### [DIRECTIONS FOR THIS TASK]
Please print exactly the lines from the one containing "123,400 people are" through the last line of the records, and only those. Leave out any pictures.

* * * * * * * * *

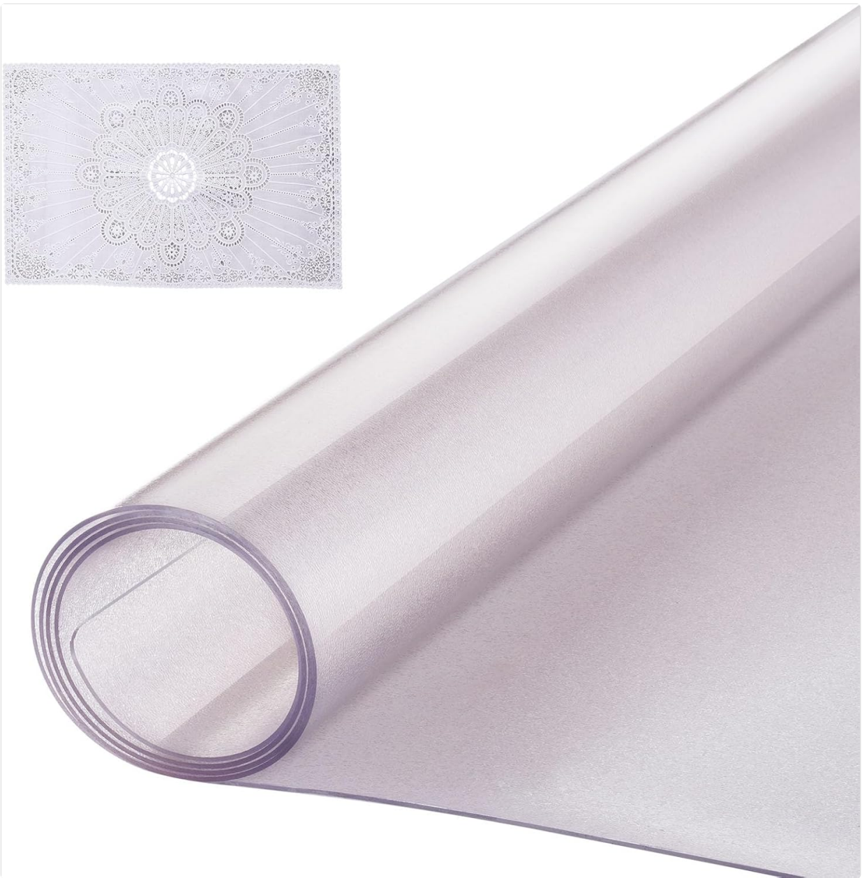
Figure 1: VEVOR 36x60 Inch Frosted PVC Table Protector, shown rolled up and ready for installation.
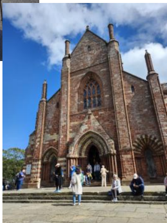
St. Magnus Cathedral
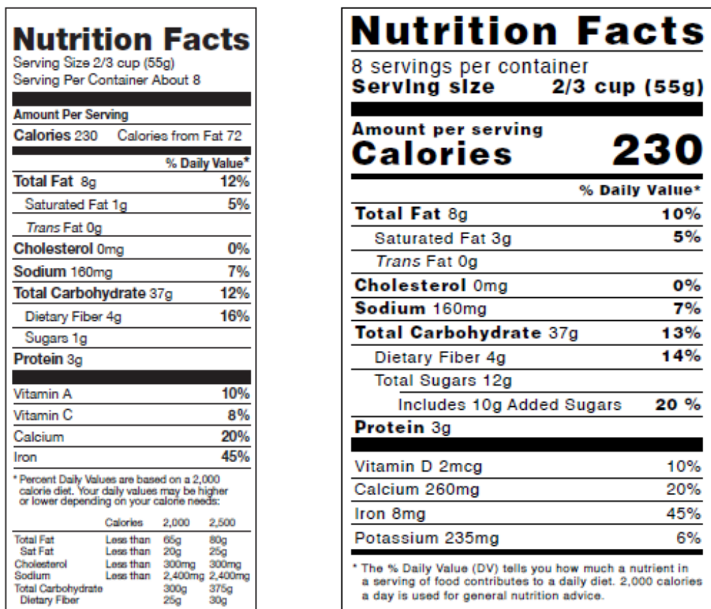
Figure 4. Food labels

Here are some examples of food labels (see Figure 4).
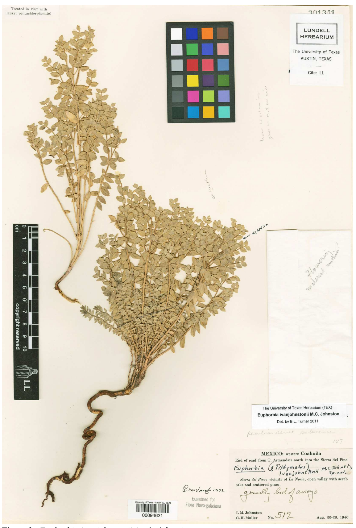
Figure 3. Euphorbia ivanjohnstonii (typical form).
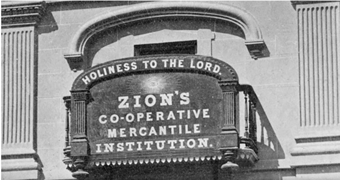
Figure 14. ZCMI Co-op Store displaying a “Holiness to the Lord” motto 80
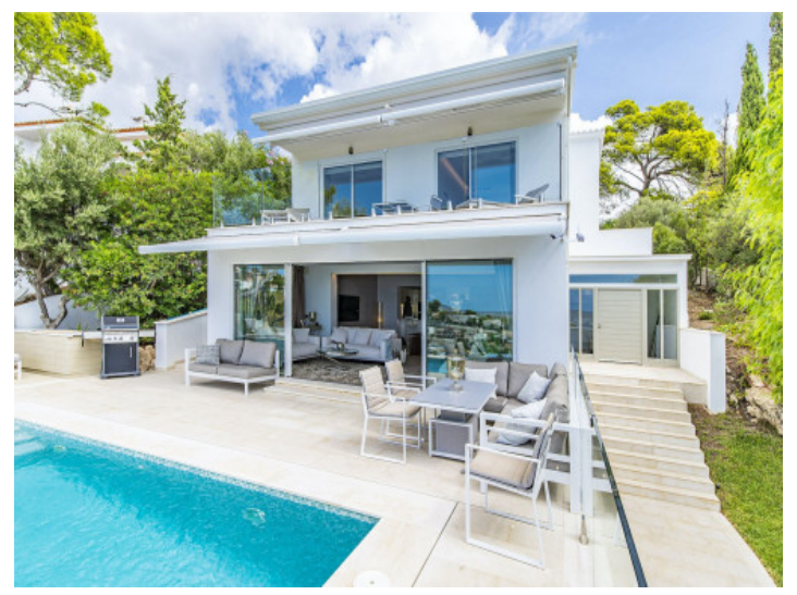
Modern luxurious villa
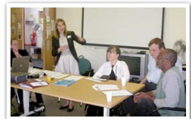
DC - Disability Panel
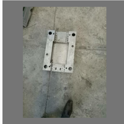
PDC Die Plate
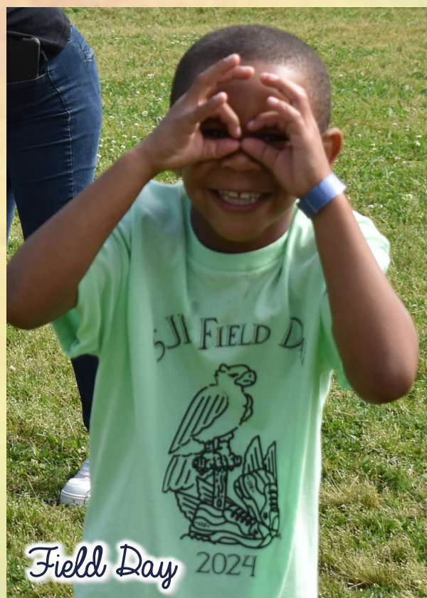
Field Day 2024
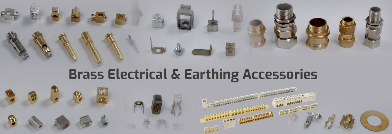
Brass Electrical & Earthing Accessories
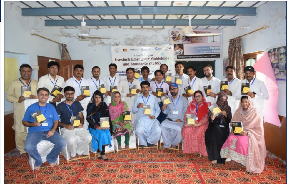
Training of PVDP Staff on Livestock Emergency Guidelines and Standards (LEGS)

123,400 people are engage in cash for work, capacity building events and awareness raising activities
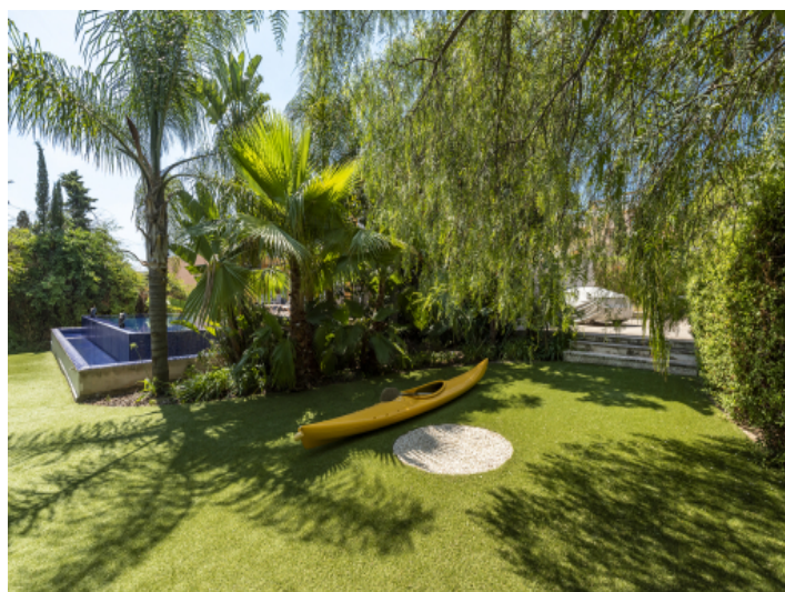
Garden and pool
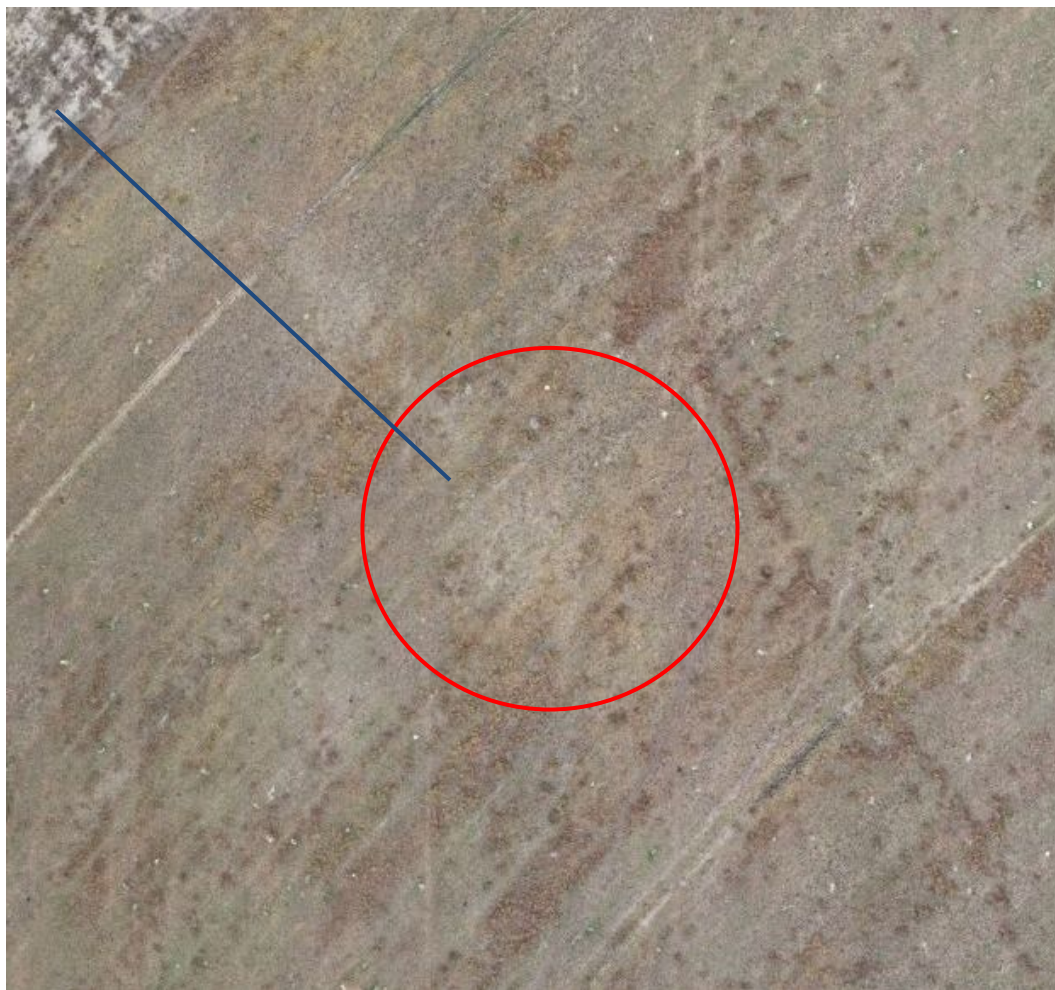
Photo 4. Zoomed in Orthomosaic taken from 200 ft (Oct. 2022). Illustrates rangeland growth on and around the well location (red circle) that is comparable to surrounding area. Access road (blue line) is barely visible in an agricultural field.

* * * * * * * * *

### [ANSWER AREA]
123,400 people are engage in cash for work, capacity building events and awareness raising activities
Garden and pool
Photo 4. Zoomed in Orthomosaic taken from 200 ft (Oct. 2022). Illustrates rangeland growth on and around the well location (red circle) that is comparable to surrounding area. Access road (blue line) is barely visible in an agricultural field.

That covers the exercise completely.